A money laundering conviction appears to be rare. State prison statistics show that no one is currently incarcerated for money laundering .
But somehow a 73-year-old man who lives in low income, senior apartments in downtown Fort Wayne copped three charges for money laundering, along with eight more counts for drug dealing and felony firearm and drug possession.
Arthur Cooper, the septuagenarian whose latest arrest reflects a long, some might say professional, career in drug dealing, was taken into custody in mid-May at a New Haven Marathon gas station in the 7500 block of State Road 930. The officer said he saw Cooper exiting a white Ford Explorer, court documents said.
The driver of the Ford Explorer walked off when he saw the police. After officers discovered he had a warrant, they arrested him as well.
Cooper’s arrest occurred May 13 after the FWPD conducted three controlled buys with a confidential informant. Each buy produced a small amount of crack cocaine, the poor man’s coke.
When Cooper’s apartment on Ewing Street was searched, police found 104.2 grams of a substance that tested positive for cocaine, 25.2 grams of methamphetamine, digital scales and sandwich baggies, the drug amounts and the two other items indicative of someone dealing drugs, court documents said.
The Ford Explorer yielded a black Smith & Wesson .380 handgun, a small amount of cocaine or crack cocaine and five white oblong pills with “M367” on them that were found to be acetaminophen and hydrocodone bitartrate. The first is an over-the-counter painkiller and the other, a prescription substance commonly known as Vicodin, according to online sources.
The drugs and the gun were in a brown bag where officers also found a Chase Bank receipt for Cooper, but no indication that any amount was linked to an account in the Cayman Islands or a Swiss bank account or Chinese operation, at least not according to the probable cause. In his wallet, there was a Chase bank card.
Court documents contain no mention of a shell corporation or hidden assets or any of the tricks money launderers use.
However, money laundering, according to the Indiana code, can be as simple as acquiring money from a criminal activity.
“Indiana Code 35-45-15-5(a)(1), (occurs when) a person commits money laundering if they knowingly or intentionally acquire, receive, conceal, possess, transfer, or transport the proceeds of criminal activity.
In the past two weeks, four others were charged with drug dealing, but not money laundering, according to online court documents.

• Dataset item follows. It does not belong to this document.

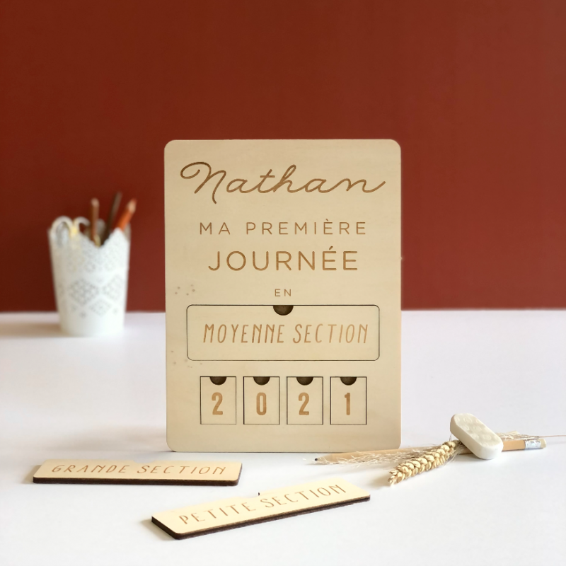 Grâce aux cartes interchangeables, vous pourrez réutiliser la pancarte à chaque rentrée scolaire et ainsi garder un souvenir de sa première journée de classe.

Is it for lack of a bank receipt?
Those charged are Trentin Clodfelter, 24, two counts of dealing in cocaine or narcotic drug level 3 and 4 and cocaine possession; Quinten Young, 32, three counts dealing in cocaine; Erica Castillo,37, Level 4 methamphetamine dealing; and, Jeffrey Burnett, 55, two counts dealing cocaine and cocaine possession.
The feds are also in for Cooper. Fraud charges were added this week on the Allen County Sheriff’s website.
If fraud equals money laundering, the math doesn’t add up. There are three money laundering charges and only two bank items; a bank receipt and a bank card. Maybe, the charges stem from three CI buys.
Cooper has a hearing Wednesday, June 4. He’s sitting at the Allen County Jail in lieu of $100,000 bail, but likely won’t be able to bond out. He’s now a federal inmate and the U.S. Marshalls are in charge.
Cooper may have to give up his luxe Ewing Street apartment for a different crib.